Setting Up a Compilation Environment

In order to run and test the parallel computing capabilities of OpenMP, a suitable compilation environment is necessary. This process encompasses the choice of an operating system, the installation of a compiler, and the subsequent verification of the environment with a simple program.

Choosing an Operating System

The choice of the operating system can significantly impact the development and performance of parallel applications. For the purpose of this article, we are covering both Pop!_OS 22.04, a Linux distribution by System76, and macOS. Pop!_OS, an Ubuntu-based Linux operating system, provides a robust environment for software development and is especially adept in handling compilers such as GCC or Clang. On the other hand, macOS, with its UNIX-based architecture, offers similar robustness for software development.

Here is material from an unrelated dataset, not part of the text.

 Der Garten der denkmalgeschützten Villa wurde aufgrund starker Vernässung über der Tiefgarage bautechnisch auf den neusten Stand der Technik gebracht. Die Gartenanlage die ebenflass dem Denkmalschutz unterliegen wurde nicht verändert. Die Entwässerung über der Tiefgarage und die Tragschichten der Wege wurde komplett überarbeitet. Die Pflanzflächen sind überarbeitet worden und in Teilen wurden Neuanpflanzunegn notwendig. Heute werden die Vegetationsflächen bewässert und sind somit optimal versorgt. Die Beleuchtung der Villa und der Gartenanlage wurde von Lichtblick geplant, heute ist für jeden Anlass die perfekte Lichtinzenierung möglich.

It is important to note that the subsequent steps and code examples can be replicated in any Ubuntu/Debian-based Linux distribution or macOS, given their similarity in structure and functionality.

Installing the Compiler

The next critical step is the installation of the compiler. A compiler is a program that transforms human-readable source code into machine code, executable by a computer13. In our case, we will be using the GNU Compiler Collection (GCC) due to its widespread use and excellent support for OpenMP.

On Ubuntu/Debian-based systems like Pop!_OS, the GCC compiler can be installed using the command below:

$ sudo apt install gcc

On macOS, you would use the Homebrew package manager to install the GCC compiler. If you haven’t installed Homebrew yet, you can do so by running the following command in the Terminal:

$ /bin/bash -c "$(curl -fsSL https://raw.githubusercontent.com/Homebrew/install/HEAD/install.sh)"

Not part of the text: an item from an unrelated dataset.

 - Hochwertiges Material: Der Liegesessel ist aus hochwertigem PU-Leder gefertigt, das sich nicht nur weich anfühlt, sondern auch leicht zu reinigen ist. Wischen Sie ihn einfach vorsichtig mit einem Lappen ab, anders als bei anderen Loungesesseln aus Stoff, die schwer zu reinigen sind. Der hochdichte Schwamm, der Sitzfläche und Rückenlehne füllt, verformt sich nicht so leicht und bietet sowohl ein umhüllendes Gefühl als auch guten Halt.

Once Homebrew is installed, you can install GCC:

$ brew install gcc

Alternatively, Clang, another widely used compiler, can also be used for OpenMP programs. It may require an additional package (libomp-dev) to ensure full OpenMP support. To install Clang and the necessary OpenMP library, use the commands:

On Ubuntu/Debian-based systems:

$ sudo apt install clang libomp-dev

On macOS:

$ brew install llvm libomp

Testing the Environment with a Simple Program

With the operating system chosen and the compiler installed, it is now essential to verify the functionality of the environment. To this end, we will employ the well-known ”Hello, World!” program, albeit with a parallel computing twist.

#include <omp.h>
#include <stdio.h>
int main(int argc, char *argv[]) {
int thread_number, number_of_threads;
// the private clause declares one or more list items to be private to a task or to a SIMD lane.
#pragma omp parallel private(thread_number, number_of_threads)
{
thread_number = omp_get_thread_num();
number_of_threads = omp_get_num_threads();
printf("Hola Mundo, from thread %d out of %d threads.\n", thread_number, number_of_threads);
}
return 0;
}

Just as the traditional “Hello, World!” this program prints a greeting message (in Spanish, because why not?). However, this program will spawn multiple threads and print the greeting message from each thread, illustrating the fork-join parallel execution model inherent in OpenMP.

Depending on the compiler installed and the operating system, the code can be compiled and executed with one of the following command sets:

For GCC on Ubuntu/Debian-based systems:

$ gcc -fopenmp hello.c -o hello
$ ./hello

For Clang on Ubuntu/Debian-based systems:

$ clang -fopenmp hello.c -o hello
$ ./hello

For GCC on macOS (if your gcc version is 13, replace ‘gcc’ with ‘gcc-13’):

$ gcc-13 -fopenmp hello.c -o hello
$ ./hello

For Clang on macOS (use ‘clang’ installed from llvm, for example ‘/opt/homebrew/Cellar/llvm/16.0.6/bin/clang’):

$ /opt/homebrew/Cellar/llvm/16.0.6/bin/clang -fopenmp hello.c -o hello
$ ./hello

After executing the above commands, the output should look similar to this:

$ ./hello
Hola Mundo, from thread 5 out of 12 threads.
Hola Mundo, from thread 0 out of 12 threads.
Hola Mundo, from thread 11 out of 12 threads.
Hola Mundo, from thread 3 out of 12 threads.
Hola Mundo, from thread 8 out of 12 threads.
Hola Mundo, from thread 1 out of 12 threads.
Hola Mundo, from thread 6 out of 12 threads.
Hola Mundo, from thread 10 out of 12 threads.
Hola Mundo, from thread 9 out of 12 threads.
Hola Mundo, from thread 4 out of 12 threads.
Hola Mundo, from thread 7 out of 12 threads.
Hola Mundo, from thread 2 out of 12 threads.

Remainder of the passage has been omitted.